Your team and project size is small enough that what you're really looking for is something which allows you to assess feasibility and monitor what's happening at any given time.

Many of the things you're asking it to do are, when it comes down to it, going to require manual intervention and understanding which mean that any automation is at best a guide. Personally I find these are the sort of things where project planning tools will spit out an answer which is either (a) wrong but convincing looking enough that you buy it and don't find out it's wrong until it's too late or (b) wrong enough that you want to double check it but the tool has either hidden it's working or doesn't allow you to correct the incorrect assumptions when you do find them.

Seriously, Excel is the way forward - I use it for teams of 16 - 20 running multiple projects and find it so much more useful that Project has ever been.

Jon Hopkins
What MS Project excels at is defining inter-task dependencies (as it should!). The project plans I build usually have several hundred steps and these dependencies matter. I don't see how Excel can natively model these at all (there are all kinds of hacks like, write MIN(...) on each task row but then MS Project already does that for me).
Ira Baxter
A: 

Hi Now Microsoft has launched all new Microsoft project 2010 with many advanced features. Hope this new version can solve most of your queries.
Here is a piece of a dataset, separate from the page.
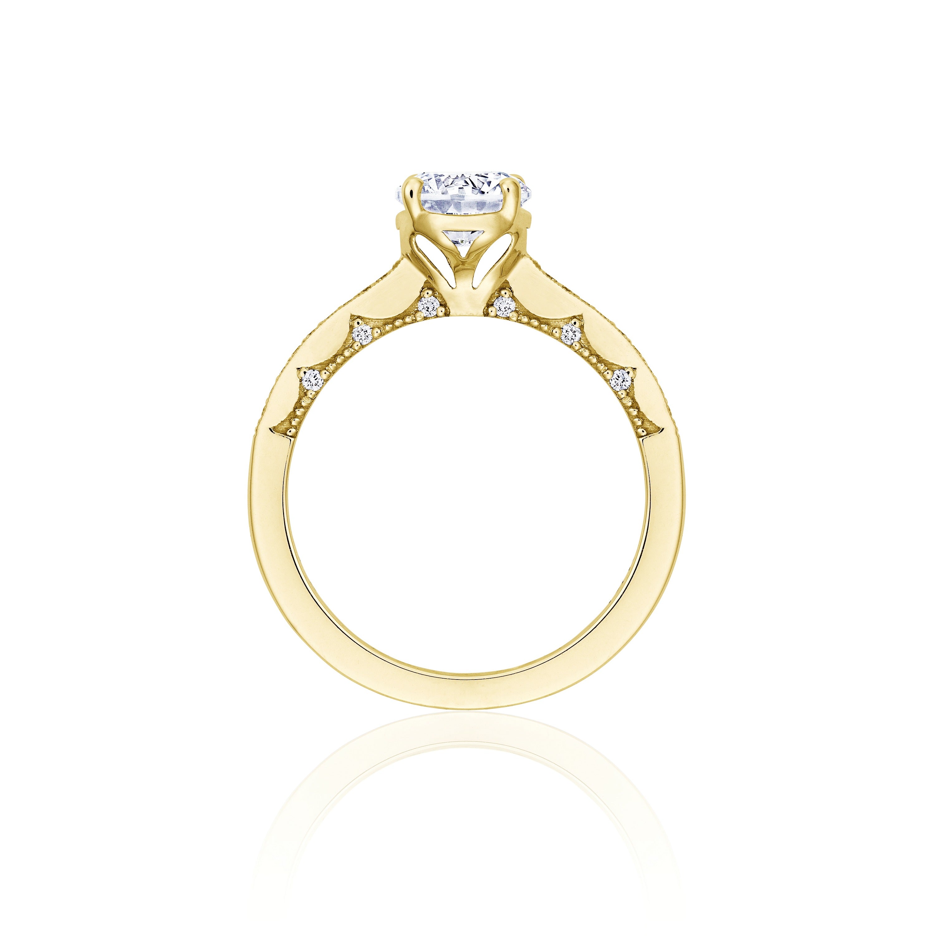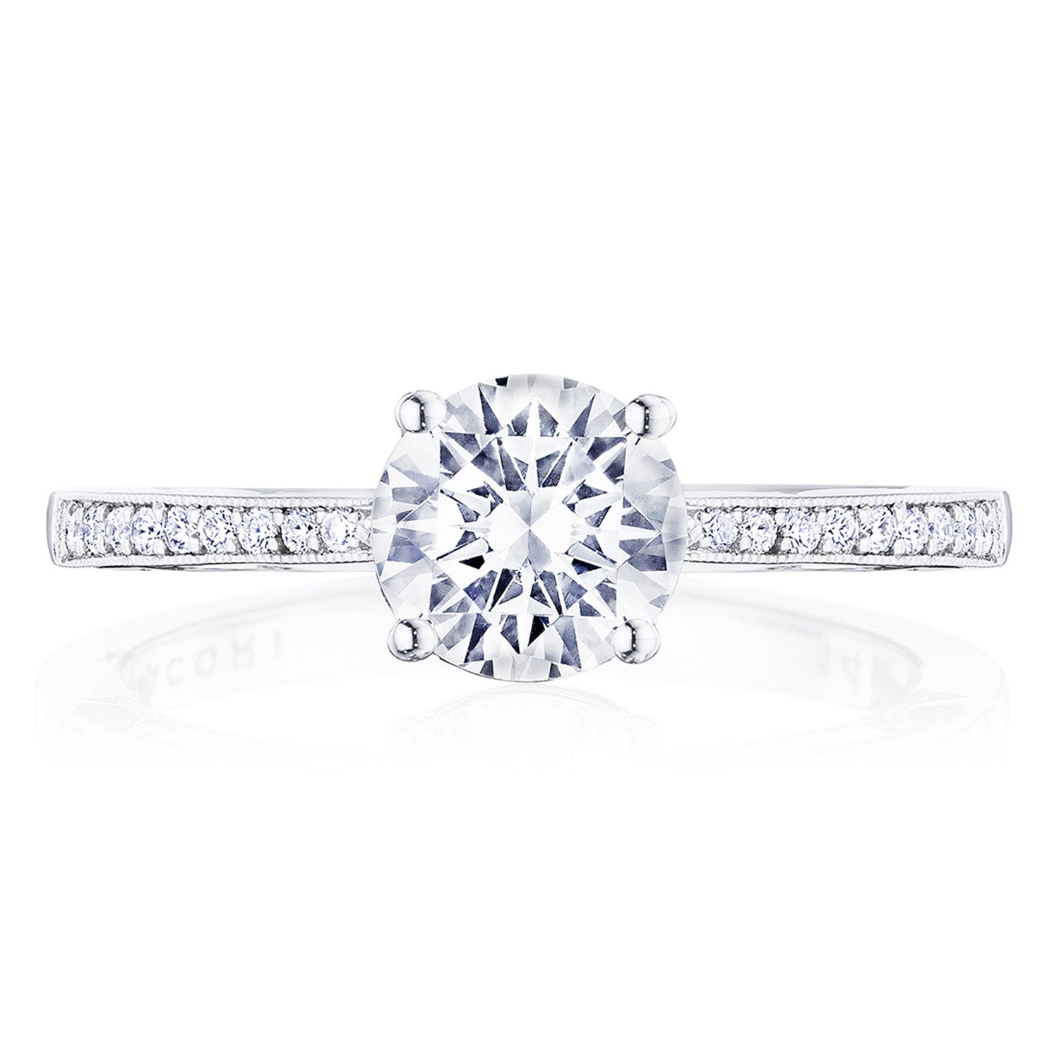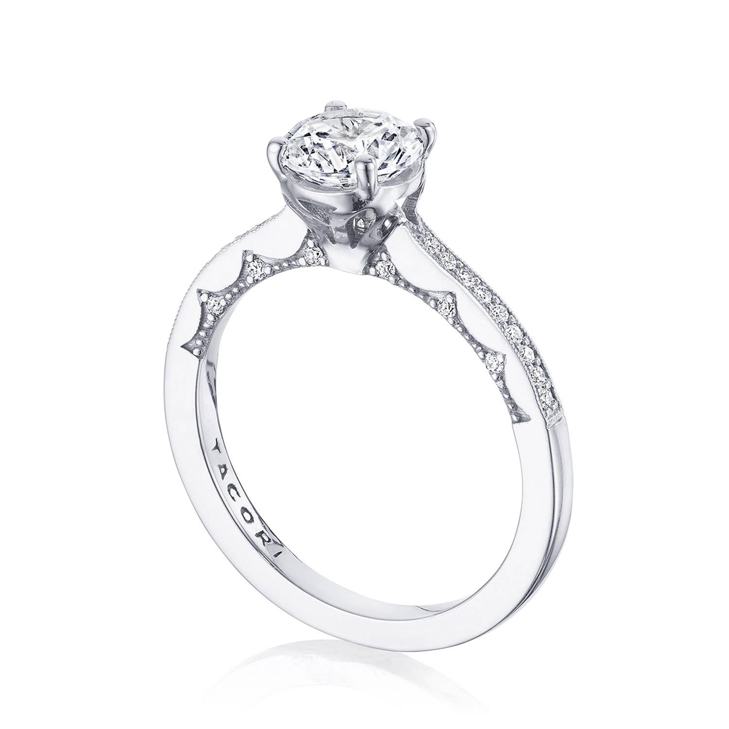 Dainty round-brilliant diamonds decorate the ceiling and lead to the center stone, which embraced by a Cathedral foundation. Coastal Crescent fabric with pinpoint diamond detailing adds a clean texture to the innerface.
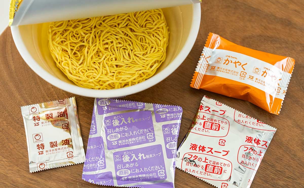 カップの中には、麺の他に「かやく」「液体スープ」「後入れ粉末スープ」「特製油」の袋が入っています。

You should check features available in different editions like project server, project professional and project standard 2010 for more details.

emily
You appear to be a Microsoft person. Thanks for telling me that a new version of MS Project exists. I looked at the web site; it was full of relatively general fluff about better ribbons, Sharepoint stuff, but nothing specifically relevant to my objections. I didn't see anything there that would be make run out and try to see if it helped my issues. Can you actually find out what it does relevant to my questions and respond? That would be a lot more helpful.